SoilRotifer · January 8, 2024, 11:38pm

Hi @mkweber,

Thank you for the reference! I've not used NemaBase, but based on a quick skim of their paper it appears that NemaBase is curated to optimize nematode taxonomy assignment. I think it should serve you well.

It wouldn't hurt to compare to SILVA 138.1, you'd have to follow the SILVA RESCRIPt tutorial yourself to see if there have been any changes, but I doubt there would be any significant changes.

You can even use GenBank data to make your own database too, and compare... for example there is this tutorial, and this one too.

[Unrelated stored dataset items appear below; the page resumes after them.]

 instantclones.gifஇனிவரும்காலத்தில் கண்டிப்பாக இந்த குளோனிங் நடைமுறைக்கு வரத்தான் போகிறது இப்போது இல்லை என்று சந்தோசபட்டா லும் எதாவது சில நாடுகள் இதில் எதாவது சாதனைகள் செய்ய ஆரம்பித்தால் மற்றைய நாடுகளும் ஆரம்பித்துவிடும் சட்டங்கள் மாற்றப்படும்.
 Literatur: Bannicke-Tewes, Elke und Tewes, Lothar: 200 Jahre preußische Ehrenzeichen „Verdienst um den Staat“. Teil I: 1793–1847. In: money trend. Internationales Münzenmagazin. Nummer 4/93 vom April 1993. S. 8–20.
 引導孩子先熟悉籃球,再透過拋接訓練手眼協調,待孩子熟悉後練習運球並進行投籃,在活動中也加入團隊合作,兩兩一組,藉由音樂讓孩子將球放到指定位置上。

Just make sure that the NemaBase, or any "specific" database you make use of, has "outgroup" taxa. That is, a collection of non-Nematode sequences within the reference database. If there are no outgroups, then quite many sequences will be classified as "Nematodes" when they are not. This is often overlooked.

But I think you'd be just fine using NemaBase.

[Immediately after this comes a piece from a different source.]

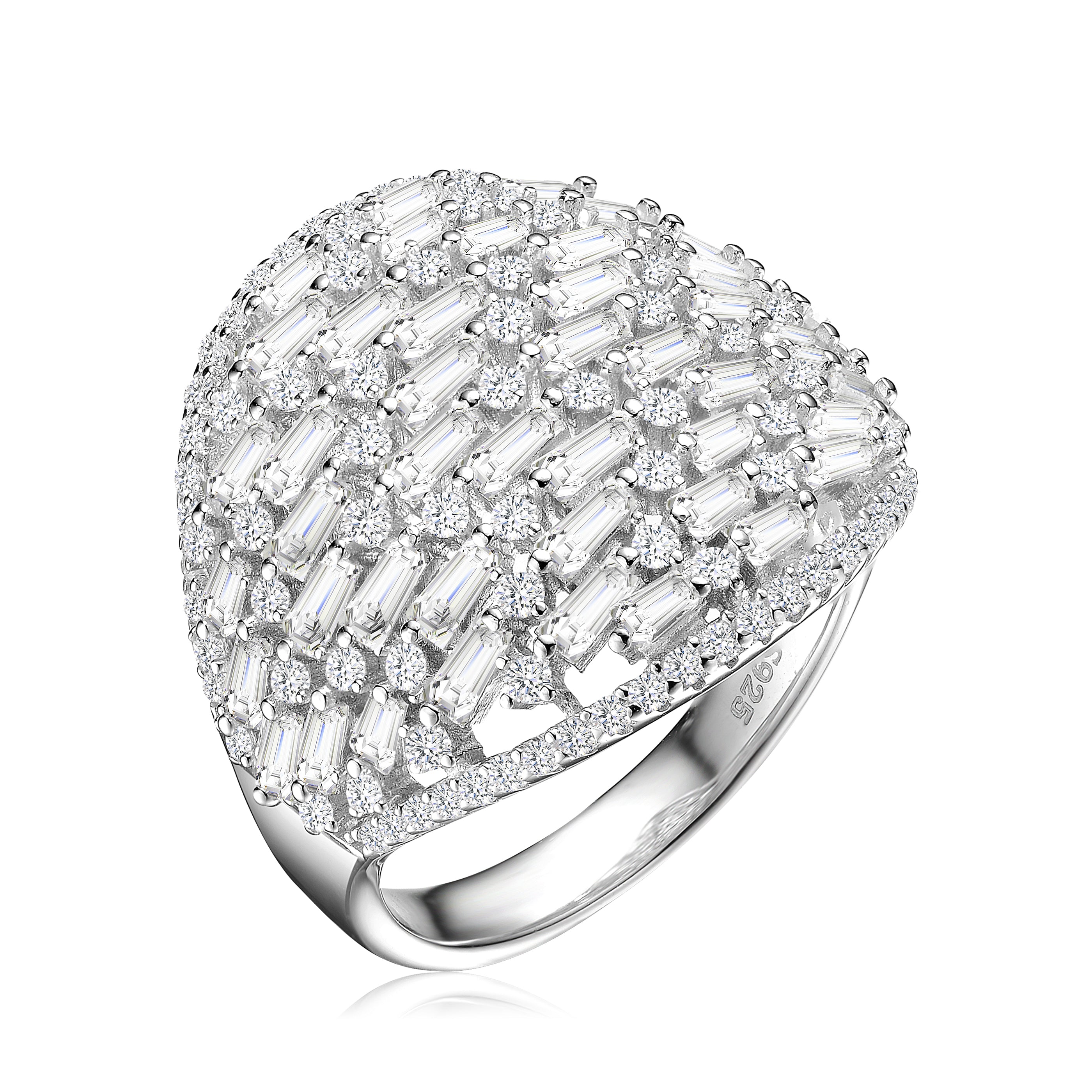 This stylish Cubic Zirconia cluster ring will provide an understated air of elegance when added to any outfit. It features clear emerald, round and marquise Cubic Zirconia clustered together in a linear pattern and it is set in Sterling silver with Rhodium plated. This ring will add glamour to your look. Available in size 6,7,8.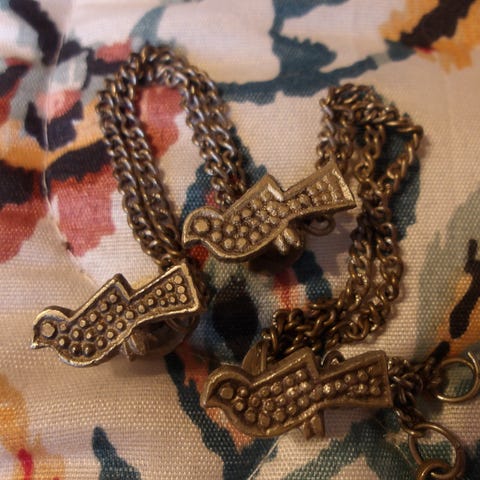 Koska riipukset ovat todella vanhoja, niitä on erittäin vaikea löytää. Olen kuitenkin päättänyt myydä kokoelmastani pois Nikita-ikoniriipukseni. Riipus on pronssia ja saanut pintaansa upean patinan. Riipukseen koon näet kuvassa olevasta mitasta. Riipukseen on vuosisatojen varrella kulunut pieni reikä ja taustapuolella on naarmu, mutta muuten riipus on ripustinreikä mukaan lukien ehjä. En kuitenkaan suosittele käyttämään sitä riipuksena, ettei sen pinnan hieno patina vahingoitu. Pussissa sitä toki voi kantaa mukanaan, jos niin haluaa.

mkweber · January 9, 2024, 3:15pm

So after looking through the database curation section of the paper, it appears that NemaBase only includes Nematodes -- How would I go about adding outgroups? what outgroups species should be included here?

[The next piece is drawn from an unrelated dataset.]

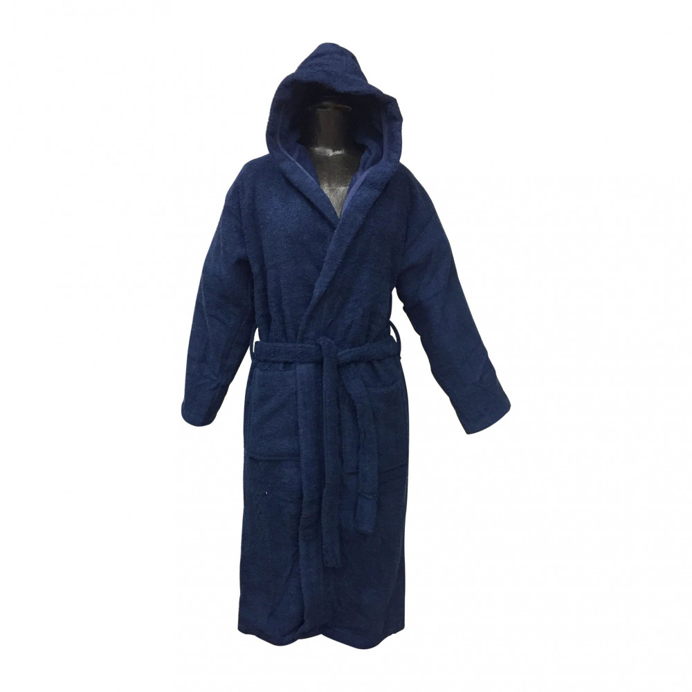 Peignoir de bain mixte à capuche 100% coton éponge bouclette 450g/m² - Absorbant, doux et confortable – Ceinture et poches - XXL - Bleu Marine/Navy Blue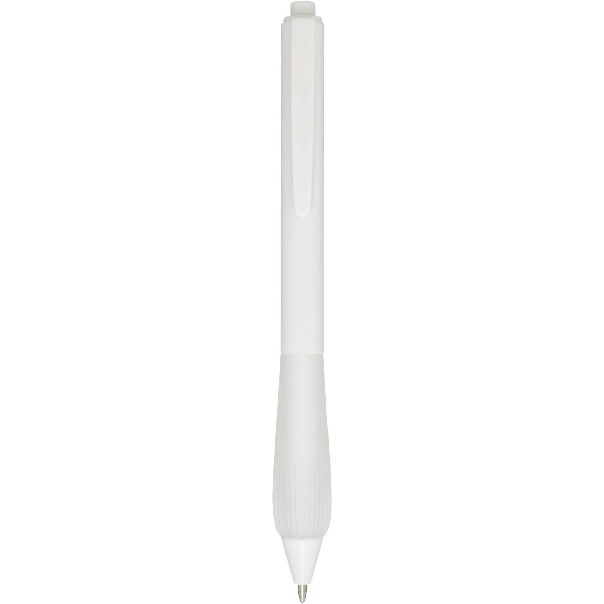 Pārstrādāta plastmasas lodīšu pildspalva ar gumijotu stobru un rokturi no TPR. Tintes krāsa: zila. Rakstīšanas garums: 1000 metri. Uzgaļa izmērs: 1,0 mm.

SoilRotifer · January 9, 2024, 8:10pm

You could simply download the premade SILVA sequence and taxonomy files from the Data resources page, and filter the sequences using qiime taxa filter-seqs ... like so:

If we just want to provide only eukaryotic outgroup taxa, but no SILVA nematode sequences you would run the command below. So, we are removing all Bacterial and Archaeal sequences. We'll also remove the Nematoda, as we do not want to pollute our new NemaBase database. You can also simply just remove the Nematoda, and leave the Archaea and Bacteria there as decoys / outgroups. You may have to play around and see which works best.

qiime taxa filter-seqs \
    --i-sequences silva_sequences.qza \
    --i-taxonomy silva_taxonomy.qza \
    --p-exclude Nematoda,Bacteria,Archaea \
    --o-filtered-sequences  silva_euk_outgroup_seqs.qza

Now that we have our filtered SILVA database, we'll want to remove the taxonomy information for those sequences we removed. So, we can run:

qiime rescript filter-taxa \
    --i-taxonomy silva_taxonomy.qza \
    --m-ids-to-keep-file  silva_euk_outgroup_seqs.qza
    --o-filtered-taxonomy  silva_euk_outgroup_taxonomy.qza

Now we have two files we can merge to our NemaBase files: silva_euk_outgroup_seqs.qza and silva_euk_outgroup_taxonomy.qza. Assuming you've been able to import the NemaBase files.

Now we can merge:

qiime feature-table merge-seqs \
    --i-data  silva_euk_outgroup_seqs.qza  nemabase_seqs.qza \
    --o-merged-data nemabase_w_silva_euk_outgroup_seqs.qza

qiime feature-table merge-taxa \
    --i-data silva_euk_outgroup_taxonomy.qza nemabase_taxonomy.qza \
    --o-merged-data nemabase_w_silva_euk_outgroup_taxonomy.qza

Assuming there are similar taxonomic rankings (d__,p__,c__,o__,f__,g__,s__) you should now be able to train your classifier. If needed you can play around with qiime rescript edit-taxonomy ... to fix things.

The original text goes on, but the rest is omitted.